General
Rawls was a famous political philosopher, and one of his most known concepts is the veil of ignorance. We cover this concept as a path here (https://schrodingers.cat/paths/political-philosophy-rawls/step/1).
It seems quite intuitive that if you had to design a world without knowing which person you would be, then you would make the world as equal as possible. But in the end, we don't know what equality really means. Equality is a more diverse and ambigious notion than what many people might think. What is justice? What is predetermined? What is religion?
Let's say that you are creating a world, and you want it to treat minorities well because you might be born as a minority. That makes sense.
But what if you might be born as something you deem morally awful? Or unthinkable? Let's say that you are born as a pyromaniac. You probably shouldn't design a world to support pyromaniacs.
Of course, people are not born pyromaniacs. My argument can be reduced to, "There must be some level of unfairness designed in Rawlsian fairness in order to tolerate the majority of people." And this is because we, subconsciously or consciously, socially select against what is deemed dangerous or unacceptable. And what society deems as such is always changing.
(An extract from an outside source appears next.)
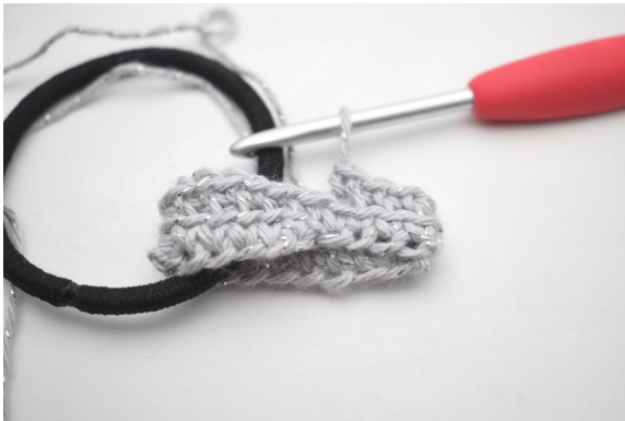
8. 1 Runde fm in das hMg häkeln. (20).

If you asked someone two hundred years ago, they would likely not tolerate LGBTQ+ rights and therefore would never consider creating those rights. Just like we in our current world likely would not tolerate a pyromaniac. Equality is not static, and it is always changing because our ideals are always changing. The debate over whether or not our cultural values are "progressing" ties into (anti-)humanism, which is also covered as multiple paths on this site.
It's kind of like the tolerance paradox, but in relation to Rawlsian fairness.